Personal Notes & Context

One of these days I’m gonna figure your shit out, Watanabe-San (aka: The Happy Sushi Gnome of Haru Ichiban, O.G. Shokunin and old-school sushi badass that retired and fucked-off back to Osaka) I miss you more than most of my family members.

NOTE: I think I figured out the secret ingredient, you sly bastard — Try dried squid in dashi, or fresh squid in the rice cooker!
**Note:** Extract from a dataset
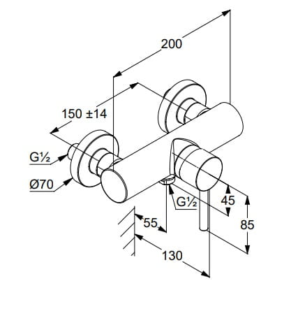 Dane techniczne: - przepływ wody 28 l/min przy ciśnieniu 3 bar - odprowadzenie natrysku G 1/2 - przyłącza mimośrodowe G 1/2 x G 3/4

Sushi literally means ‘sticky vinegar rice’, and its importance to the meal it refers to cannot be overstated. Those who train to be Itamae (“in front of the board”) spend no less than two years learning to prepare sushi rice before they are even considered for cutting fish. They’ll spend the next 8 years working to achieve the title of Itamae and a lifetime pursuing Shokunin  職人 (artisan), most never reaching that level.

Bonus – Sauces

Ever wonder what some high-end places brush on the nigiri? Here it be… good luck with the conger eel 🙂

Nitsume & Nikiri

Nikiri

Thin sweet glaze

  • In a pot, add sake and shoyu with a little mirin
  • Flambé the alcohol off  and bring to boil
  • Allow to cool. Can store in refrigerator, but should be brushed on/used at room temperature.

Nitsume

Traditionally done with anago (conger) eel broth, try with other eel?

  • Create a simmered broth from the eel
  • Strain through a fine cloth into a pot
  • Fill remaining pot with water
  • Add white granulated sugar
  • Bring to boil, skim foam
  • Taste and adjust sweetness, then lower to simmer
  • Reduce pot by 50%
  • Put reduction into a smaller pot and add mirin to taste, make sure it is less than half as sweet as you want it.
  • Continue the simmer until reduced by 75%.